Exercise aim: Exactly the lines from the one with "ingredients : water;organic" through the end of the data below must be set down, and no pictures with them.

Data excerpts:
=======
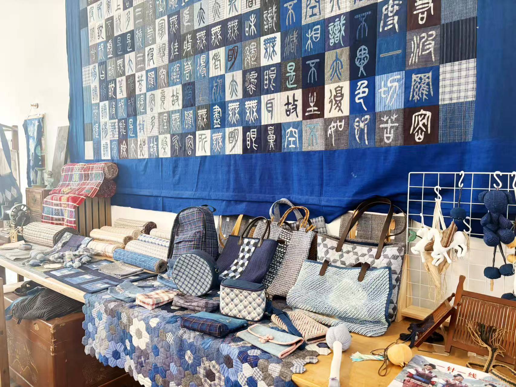 而在下方的工作展陈台上,放置了诸如包包、玩偶、摆件等以土布为原材料所制成的用品。经由文创设计后,使得传统土布焕发新生。
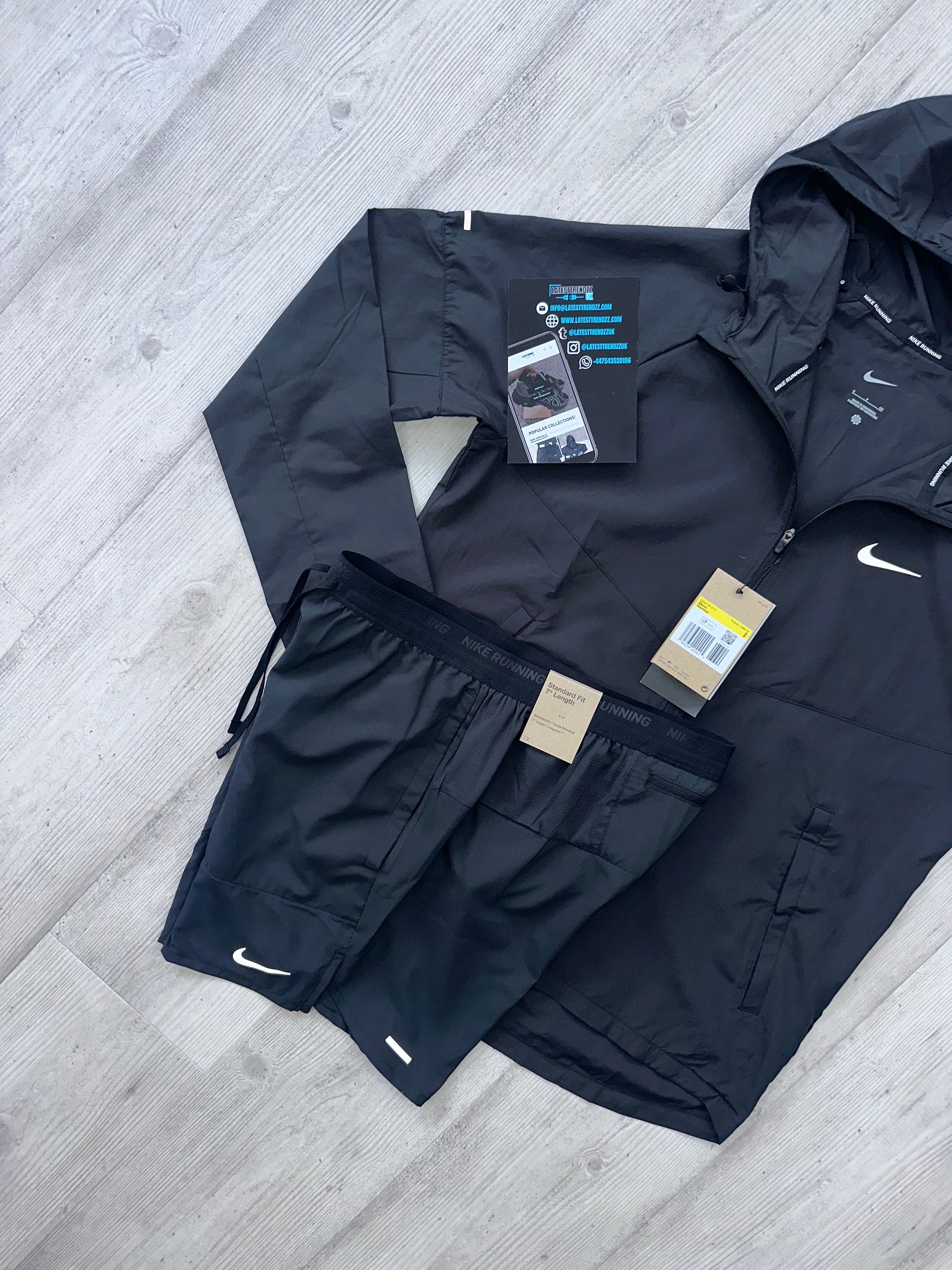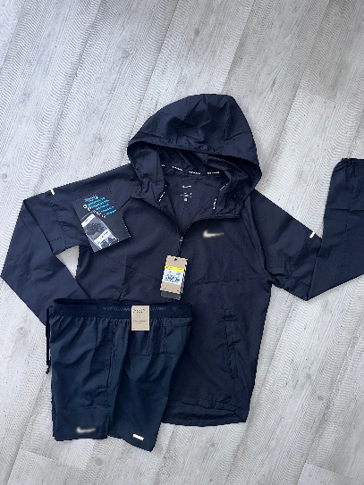 Expertly crafted for outdoor training, the NIKE REPEL JACKET SET in Black offers water-repellent protection with adjustable hood and snap button pockets. The lightweight and breathable Nike Stride Shorts ensure unrestricted movement while featuring a convenient phone pocket. Stay dry and hands-free on your runs.
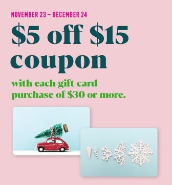 Savers: From November 23 – December 24, get a $5 off a $15 purchase coupon with each gift card purchase of $30 or more. (Give a gift card with the coupon!)
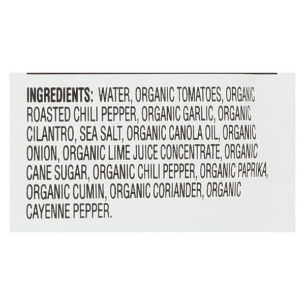 ingredients : water;organic tomatoes;organic roasted chili pepper;organic garlic;organic cilantro;sea salt;organic canola oil;organic onion;organic lime juice concentrate;organic cane sugar;organic chili pepper;organic paprika;organic cumin;organic coriander;organic cayenne pepper
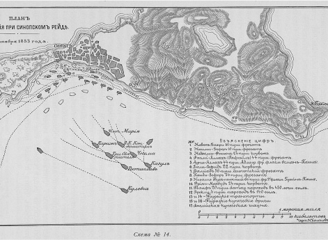 Синопское сражение (набросок английского офицера, сделанный через день после сражения)
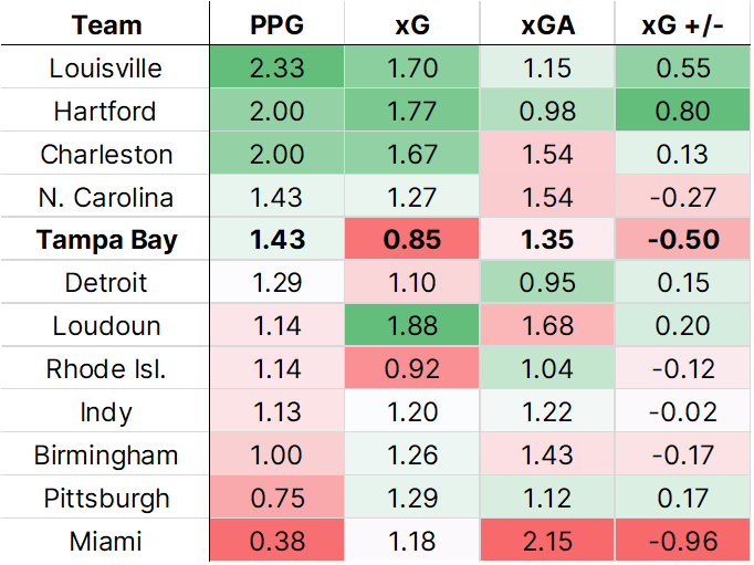 Where does that leave us? The underlying xG numbers – East-worst offensive production and middling defensive returns – paint the outline of the picture. For my money, it’s Tampa Bay’s inconsistent ability to stay in the final third that’s holding them back. When the Rowdies waste chances close to goal, it inherently allows the opposition to go to work.
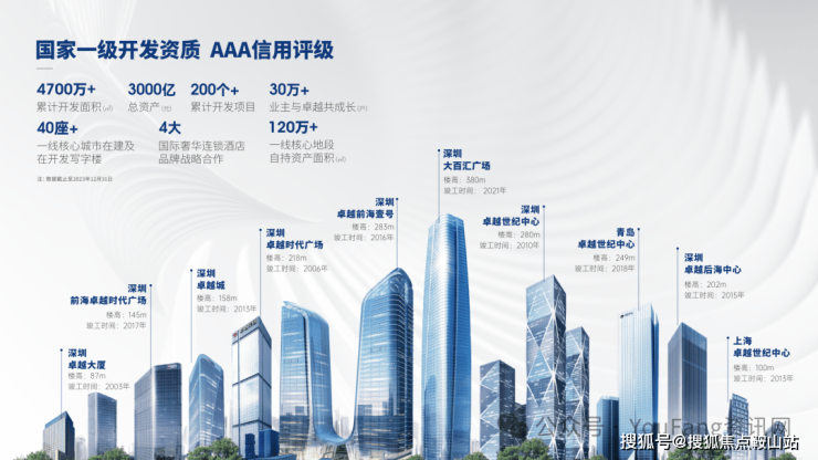 开发数据:目前已完成36个立项项目,20+交地项目,布局福田岗厦、皇岗等城市核心区位。
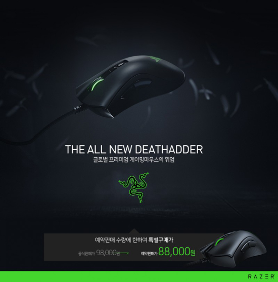 RAZER°¡ Àü ¼¼°è¿¡¼ 1000¸¸´ë ÀÌ»ó ÆÇ¸ÅµÈ º£½ºÆ® °ÔÀÌ¹Ö ¸¶¿ì½º µ¥½º¿¡´õÀÇ ÃֽŠ¸ðµ¨ ¡®Razer DeathAdder V2¡¯¸¦ 11ÀÏ ±¹³»¿¡ °ø½Ä Ãâ½ÃÇÑ´Ù.
=======
Answer to the exercise:
 ingredients : water;organic tomatoes;organic roasted chili pepper;organic garlic;organic cilantro;sea salt;organic canola oil;organic onion;organic lime juice concentrate;organic cane sugar;organic chili pepper;organic paprika;organic cumin;organic coriander;organic cayenne pepper
 Синопское сражение (набросок английского офицера, сделанный через день после сражения)
 Where does that leave us? The underlying xG numbers – East-worst offensive production and middling defensive returns – paint the outline of the picture. For my money, it’s Tampa Bay’s inconsistent ability to stay in the final third that’s holding them back. When the Rowdies waste chances close to goal, it inherently allows the opposition to go to work.
 开发数据:目前已完成36个立项项目,20+交地项目,布局福田岗厦、皇岗等城市核心区位。
 RAZER°¡ Àü ¼¼°è¿¡¼ 1000¸¸´ë ÀÌ»ó ÆÇ¸ÅµÈ º£½ºÆ® °ÔÀÌ¹Ö ¸¶¿ì½º µ¥½º¿¡´õÀÇ ÃֽŠ¸ðµ¨ ¡®Razer DeathAdder V2¡¯¸¦ 11ÀÏ ±¹³»¿¡ °ø½Ä Ãâ½ÃÇÑ´Ù.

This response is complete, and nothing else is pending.